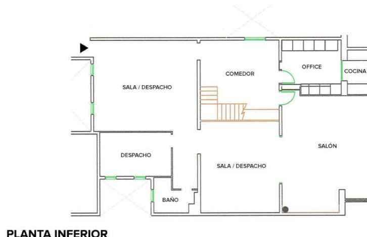 On the first floor with an area of 154m2 there are 2 living rooms and 2 offices, a kitchen and a dining room. On the second floor, an area of 99m2, there is a living room, 4 bedrooms, 2 bathrooms, a laundry room and a terrace of 26m2.
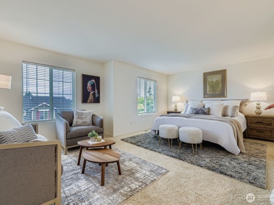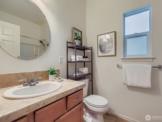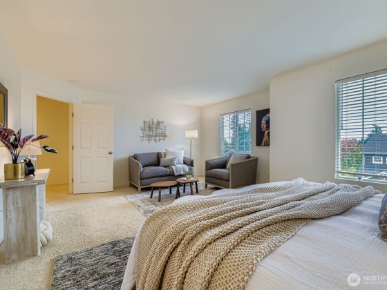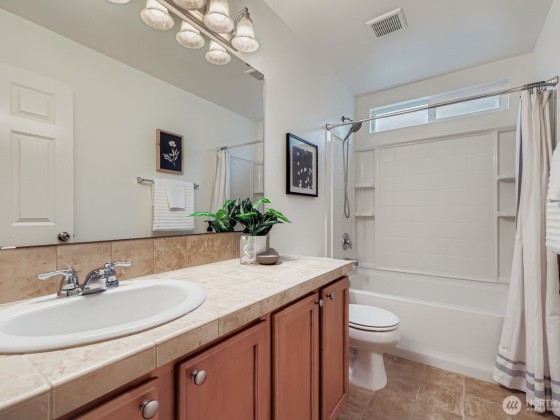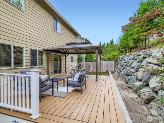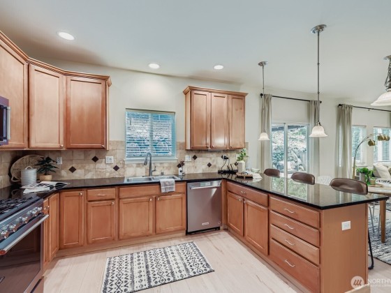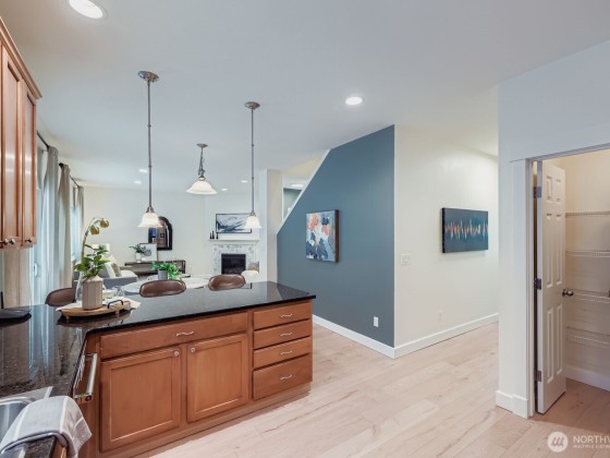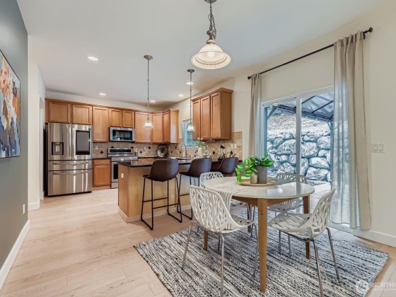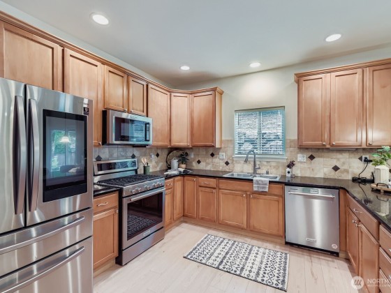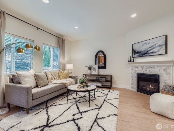 Perched in the desirable Woodridge at North Creek, this beautifully maintained home blends thoughtful design with modern convenience. The main level features wide-plank floors, a bright open layout, gas fireplace, & a chef’s kitchen with granite counters: SS appliances, gas cooktop, walk-in pantry, & smart fridge. A main floor bedroom & full bath offer flexibility for guests or office. Upstairs includes a spacious loft, two more bedrooms, full bath, laundry room, & a large primary suite with sunset views, oversized walk-in closet, dual sinks, & soaking tub. Enjoy central A/C, Level 2 EV outlet, 1 gig internet, landscaped yard with deck & gazebo, community trails, playground, & easy access to I-405. Microsoft & Amazon shuttle on 120th Ave NE
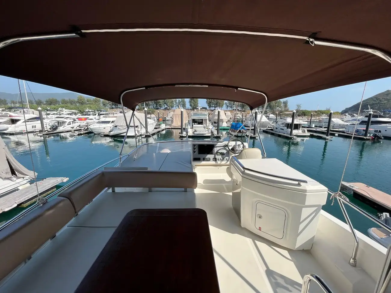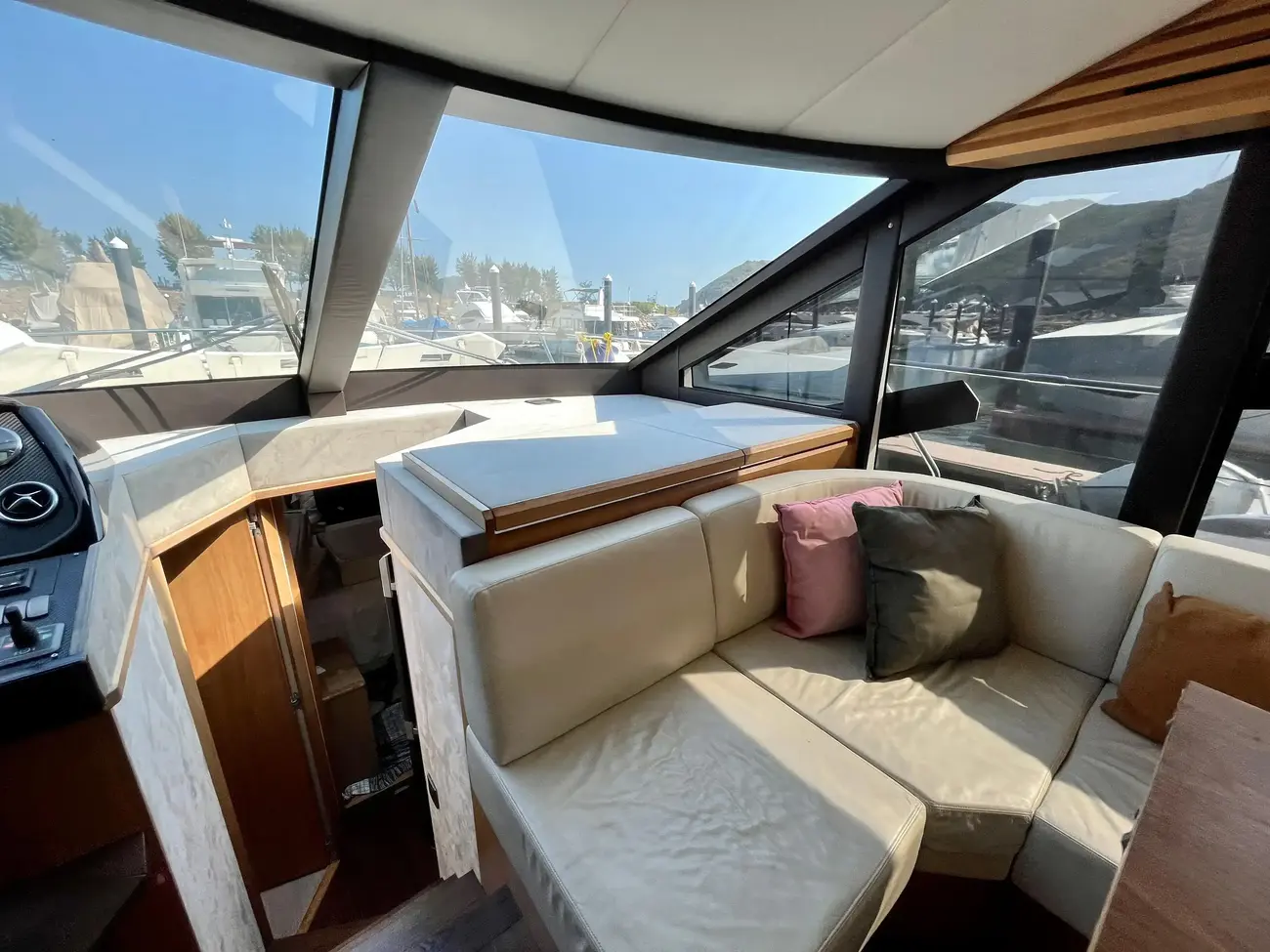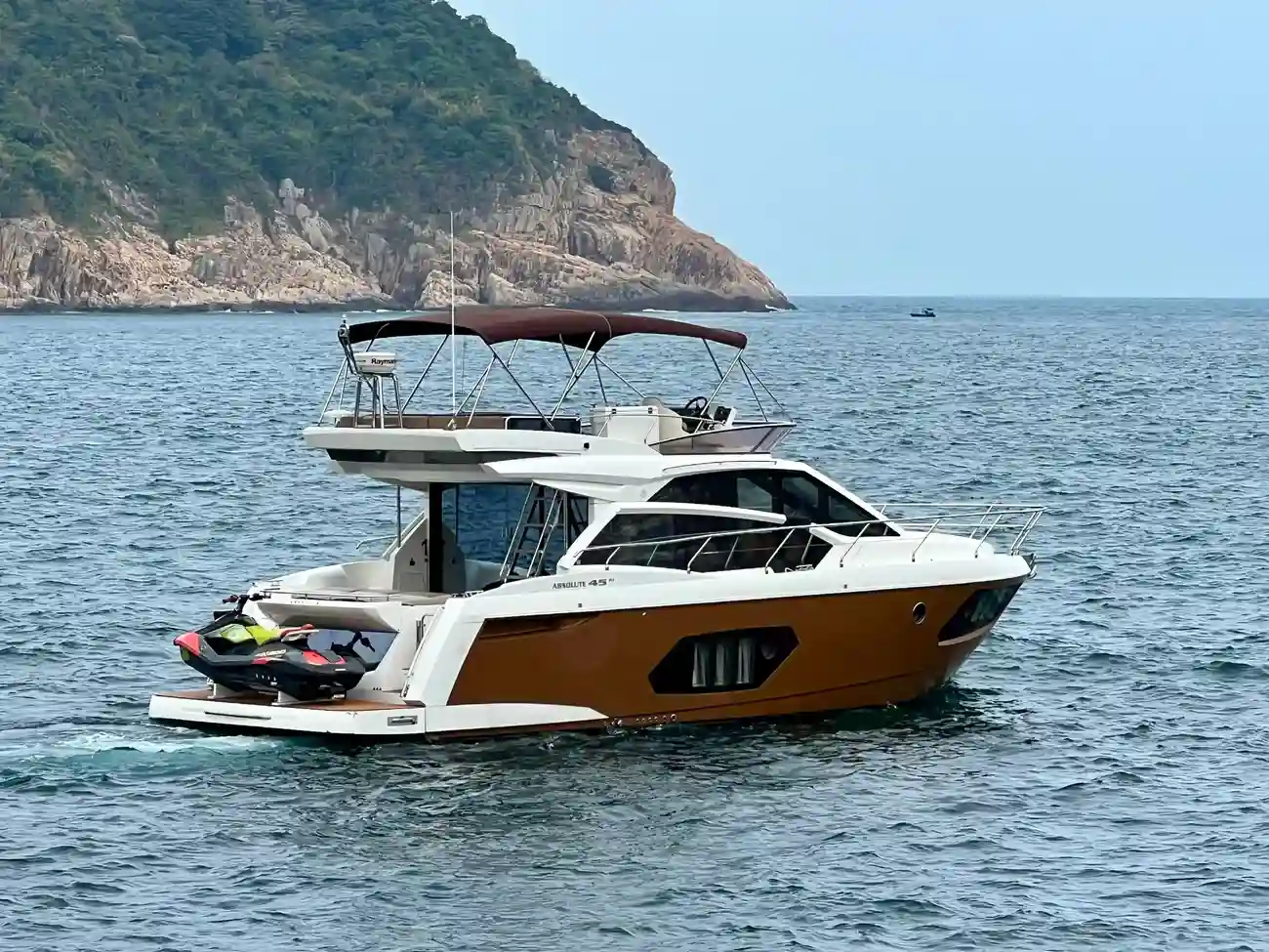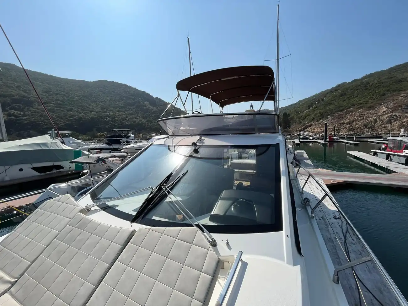 The salon is designed for comfort and social interactions and is a testament to the yacht's blend of luxury and practicality. The interior comprises a suite master cabin, a VIP cabin, a crew grill, a large U-shaped sofa, and a sun pad adjacent to the upper helm, which offers an elevated view and is perfect for entertaining. The hydraulic swim platform at the stern not only facilitates water activities but also serves as a convenient spot for placing a tender or a jet ski, with a maximum lifting capacity of 250 kg.
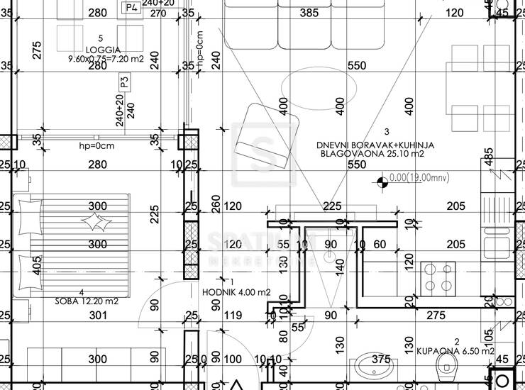 - dnevni boravak, blagovaona i kuhinja 25.10 m2
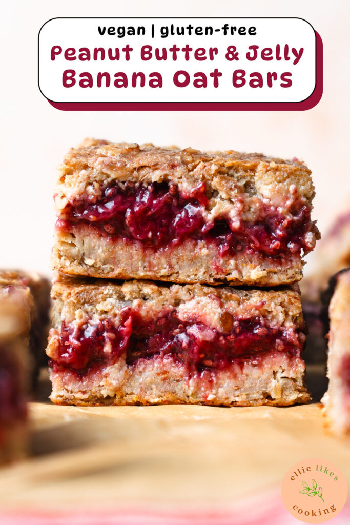Healthy banana oat bars flavored with peanut butter and filled with an easy chia jam filling. Perfect for an on-the-go breakfast or snack!
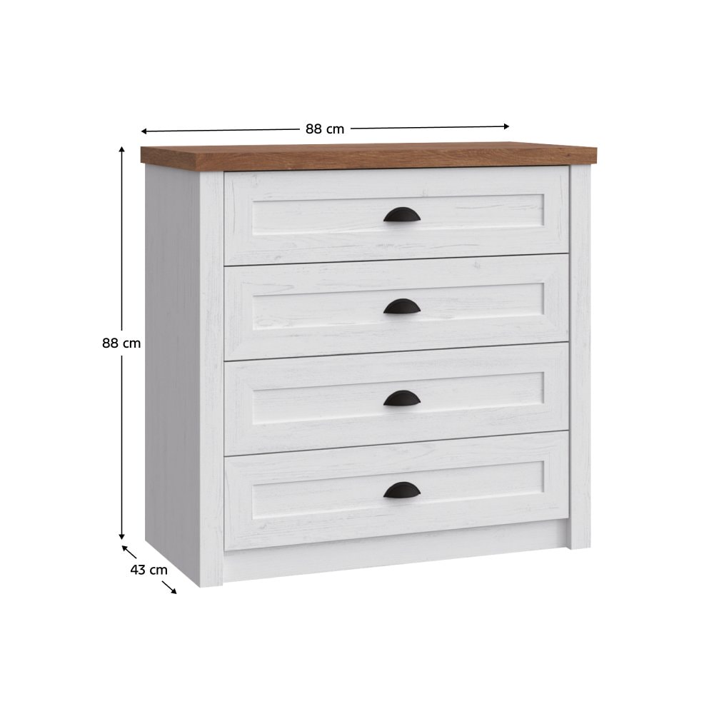Materiál: DTD laminovaná Barva: sosna andersen/dub lefkas Rozměry (ŠxHxV): 88x43x88 cm Tloušťka materiálu korpus: 15 mm Tloušťka materiálu horní desky: 36 mm Čtyři šuplíky S úchytkami Dodáváno v demontu

━━━━━━

EXERCISE OBJECTIVE
Repeat everything in the records above exactly, except the pictures.

RESULT
 On the first floor with an area of 154m2 there are 2 living rooms and 2 offices, a kitchen and a dining room. On the second floor, an area of 99m2, there is a living room, 4 bedrooms, 2 bathrooms, a laundry room and a terrace of 26m2.
 Perched in the desirable Woodridge at North Creek, this beautifully maintained home blends thoughtful design with modern convenience. The main level features wide-plank floors, a bright open layout, gas fireplace, & a chef’s kitchen with granite counters: SS appliances, gas cooktop, walk-in pantry, & smart fridge. A main floor bedroom & full bath offer flexibility for guests or office. Upstairs includes a spacious loft, two more bedrooms, full bath, laundry room, & a large primary suite with sunset views, oversized walk-in closet, dual sinks, & soaking tub. Enjoy central A/C, Level 2 EV outlet, 1 gig internet, landscaped yard with deck & gazebo, community trails, playground, & easy access to I-405. Microsoft & Amazon shuttle on 120th Ave NE
 The salon is designed for comfort and social interactions and is a testament to the yacht's blend of luxury and practicality. The interior comprises a suite master cabin, a VIP cabin, a crew grill, a large U-shaped sofa, and a sun pad adjacent to the upper helm, which offers an elevated view and is perfect for entertaining. The hydraulic swim platform at the stern not only facilitates water activities but also serves as a convenient spot for placing a tender or a jet ski, with a maximum lifting capacity of 250 kg.
 - dnevni boravak, blagovaona i kuhinja 25.10 m2
Healthy banana oat bars flavored with peanut butter and filled with an easy chia jam filling. Perfect for an on-the-go breakfast or snack!
Materiál: DTD laminovaná Barva: sosna andersen/dub lefkas Rozměry (ŠxHxV): 88x43x88 cm Tloušťka materiálu korpus: 15 mm Tloušťka materiálu horní desky: 36 mm Čtyři šuplíky S úchytkami Dodáváno v demontu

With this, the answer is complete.